Так встречали на каждых двух метрах, у каждой могилы. Пиршество продолжалось до самого вечера, доходило и до песнопений, вовсе, казалось бы, не приличествующих скорбному мероприятию, однако душа простого народа требовала, чего хотела, и получала это сполна. Души же умерших радовались, слетались по этим дням к своим могилкам, встречались с еще живущими родственниками, слушали их разговоры, знакомились с родившимися после их смерти потомками.
По окончании мероприятия на могилку ссыпались хлебные и пасхальные крошки, скорлупки от крашеных яиц, иногда оставляли и стакан с вином, и кусок пасхи. Не забывали и могилки соседей, на которые в этот раз не пришел никто.
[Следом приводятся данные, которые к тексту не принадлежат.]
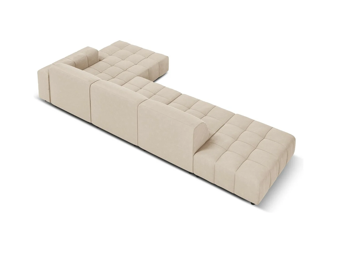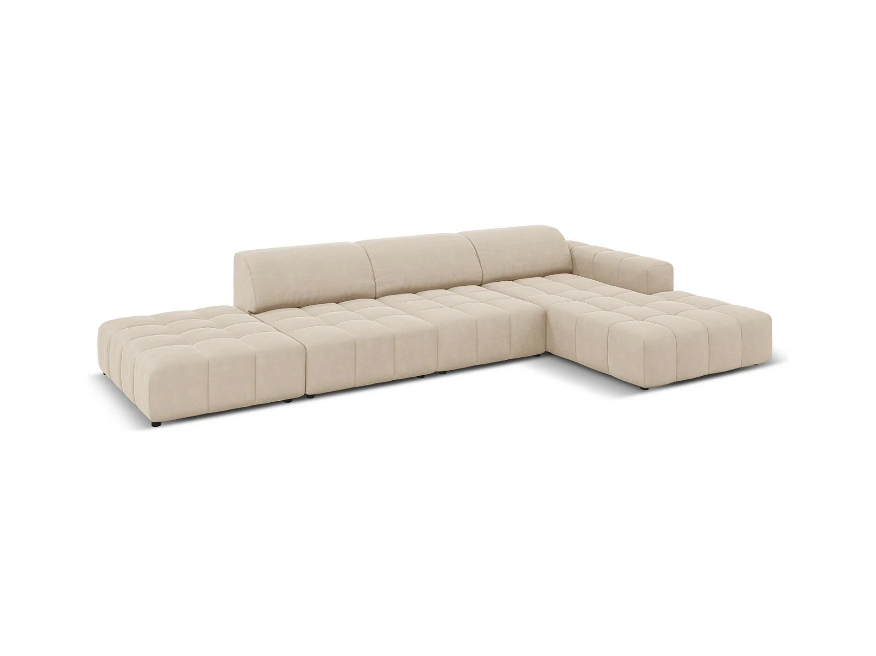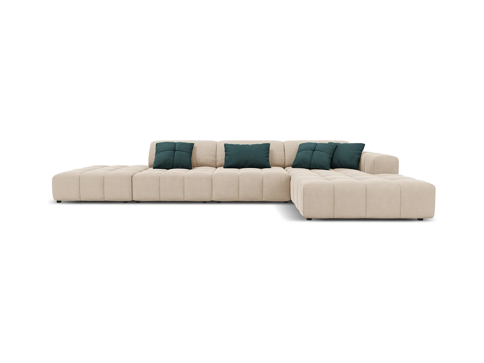 Cosmopolitan Design - Divano angolare destro "Bali" 5 posti in velluto beige - 293x185x75cm
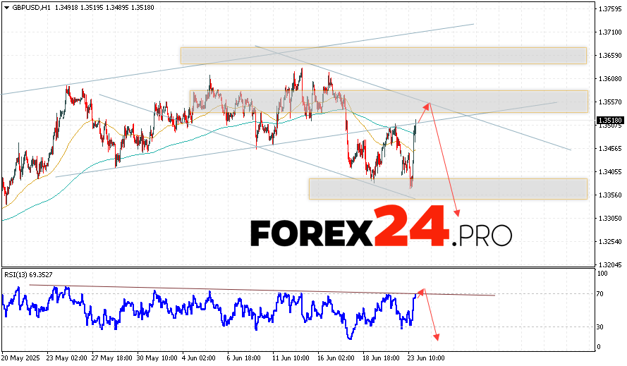 GBP/USD Forecast and Analysis for June 24, 2025 suggests an attempt to develop growth and test the resistance area near the 1.3555 level. Then, the quotes will continue to fall with a target near the 1.3315 level. An additional signal in favor of a decline in the British pound will be a test of the resistance line on the relative strength index (RSI). A strong rise in the British pound against the US dollar and a breakout of the 1.3645 area will cancel the decline scenario. This will indicate a continuation of the rise in the Forex pair with a potential target above the 1.3875 level.
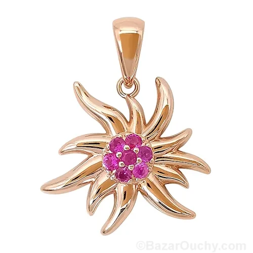 Pendentif Edelweiss Or rose – Saphir rose
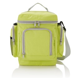 Sac isotherme pratique en polyester 600D avec multiples compartiments et bandoulière ajustable. Sans PVC.
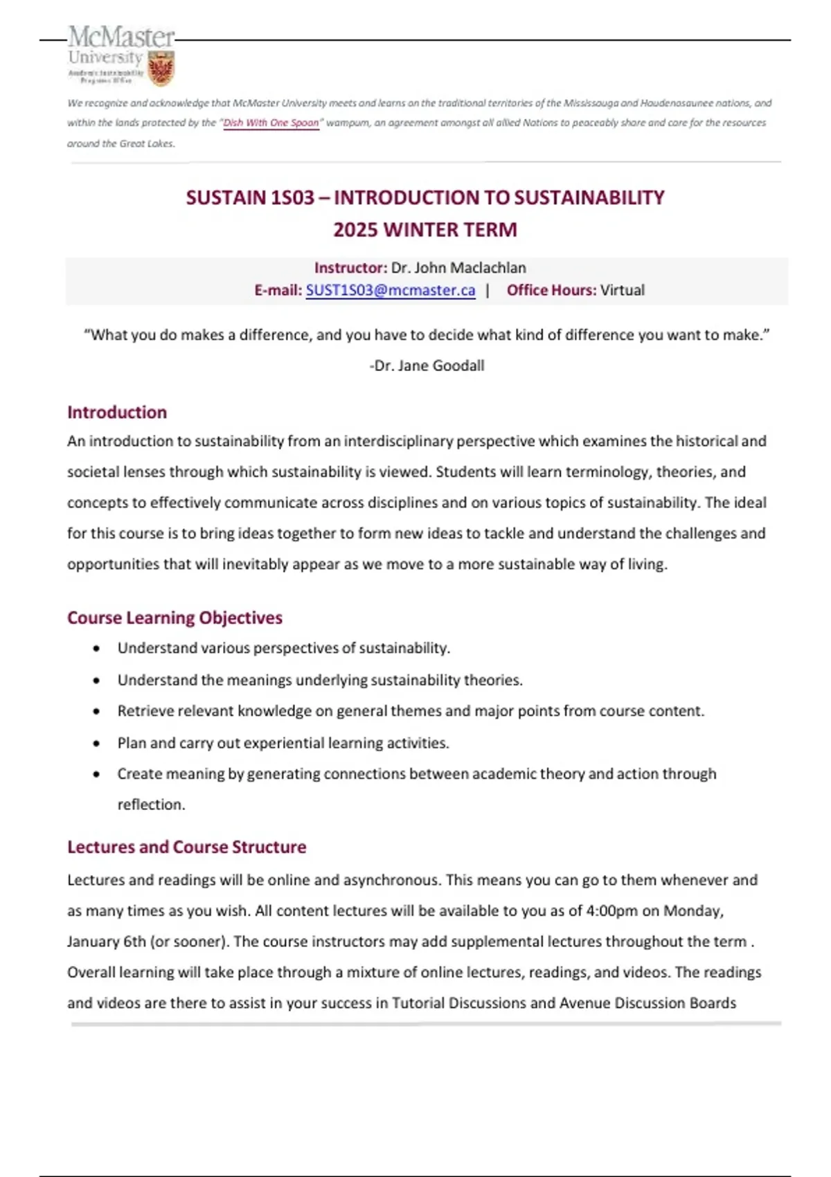 Summary Winter 2025/26 SUSTAIN 1S03 - Course Outline and Learning Objectives: Complete Updated.
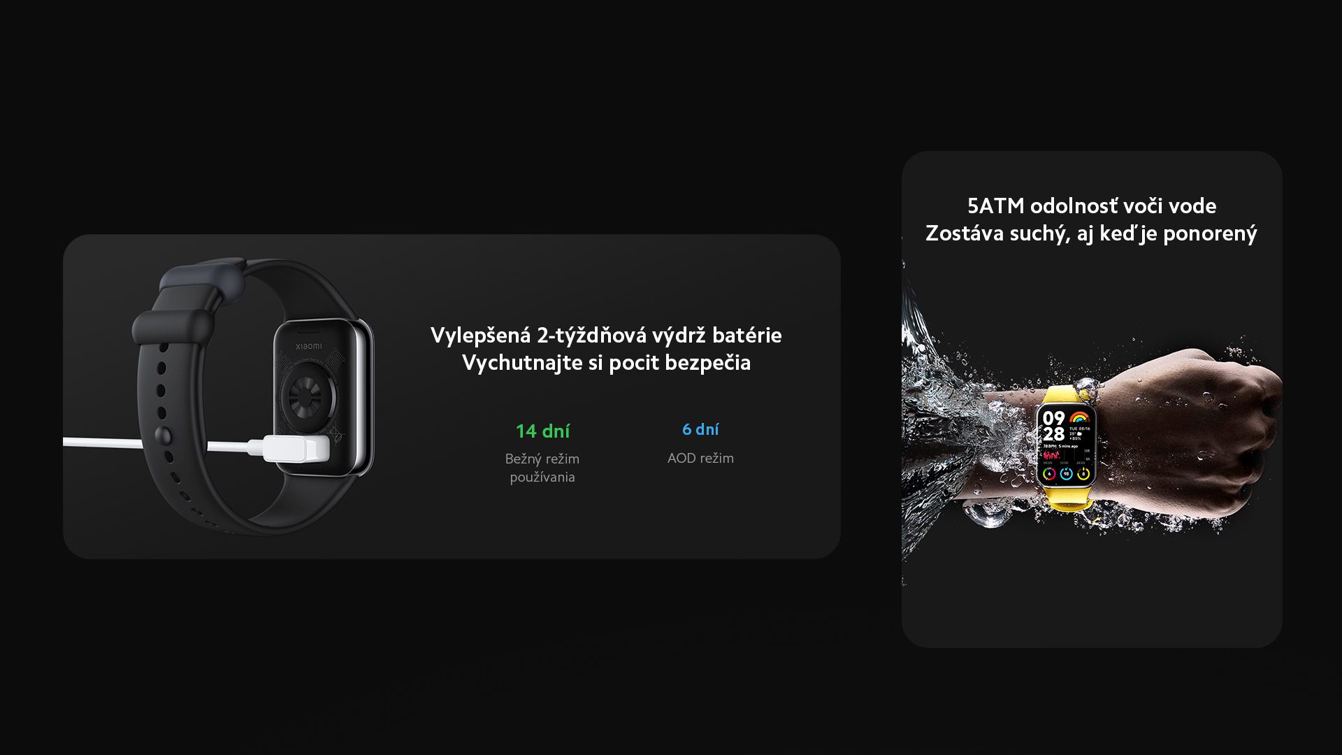 Vychutnajte si novo nadobudnutý pocit istoty s vylepšenou výdržou batérie, ktorá vám teraz poskytne až 14 dní bežného používanie a 6 dní v režime AOD (always on display), či vodeodolnosťou do 5ATM.
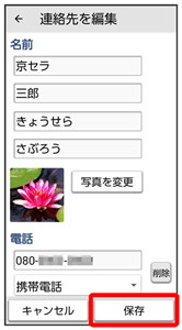 | タップすると、連絡先詳細画面が表示されます。 | ||
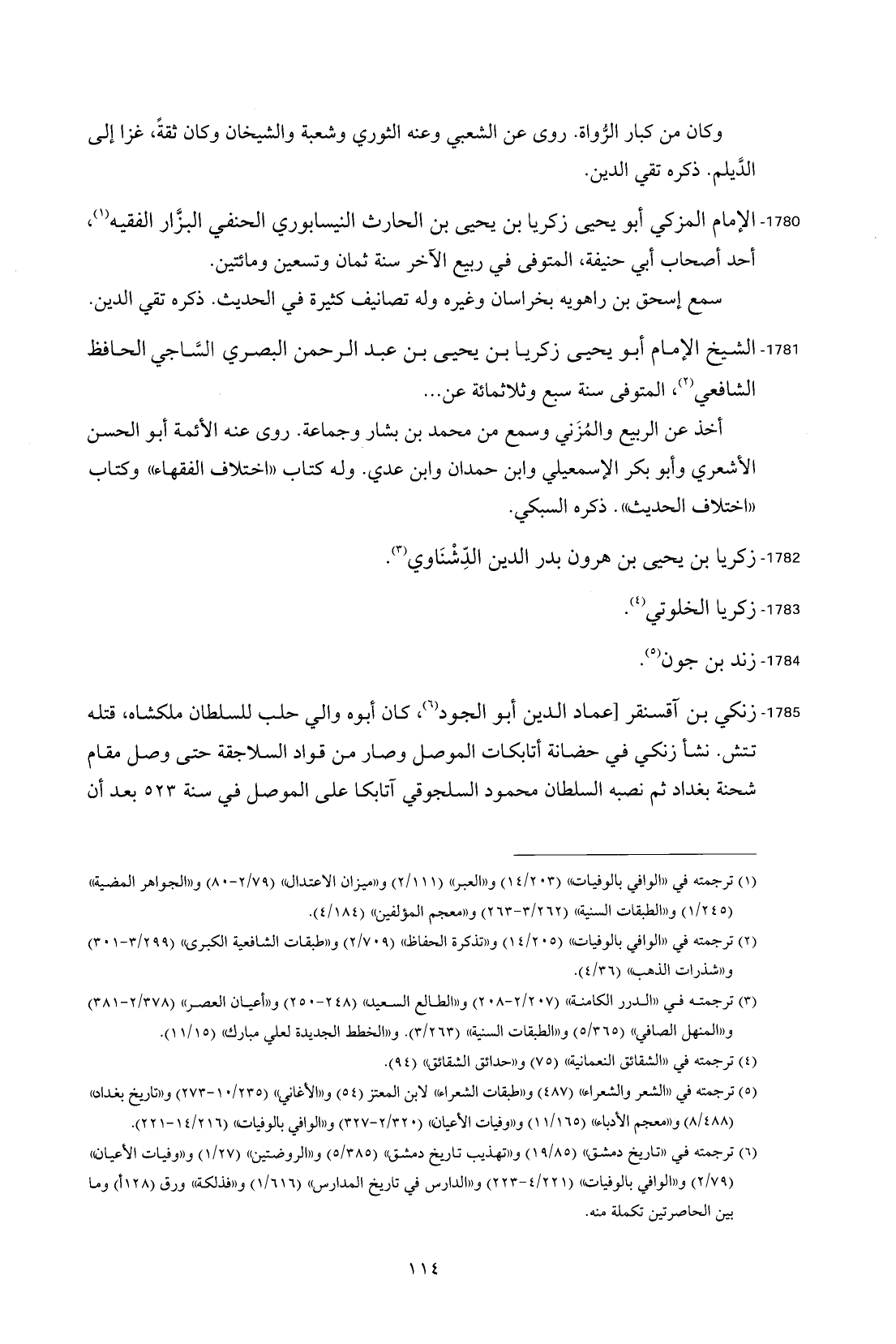 1781 - الشيخ الإمام أبو يحيى زكريا بن يحيى بن عبد الرحمن البصري السّاجي الحافظ الشافعي (¬2)، المتوفى سنة سبع وثلاثمائة عن ...

И птицы тоже знали про этот день, и прилетали за своим угощением, собирая с могильных холмиков, оставленное для них, и окрестные собаки, и бомжи, и алкоголики, и нищие - все в этот день праздновали.
Господин Драгош вспоминал эти шумные дни, вспоминал, как единственный в нижней части кладбища деревянный туалет на два очка, разделенных стенкой, продырявленной, как решето, сотнями озабоченных ручонок, трещал по швам: очередь выстраивалась человек на пятьдесят. Как они мальчишками тоже выстаивали в этой очереди, имея единственную цель: вдруг повезет, и в соседнюю кабинку одновременно с тобой зайдет тетка, - тогда можно будет подсмотреть! А потом зайдет следующая, а потом еще, и еще... А очередь кричит: "Давай, выходи, хватит тебе там глазеть!"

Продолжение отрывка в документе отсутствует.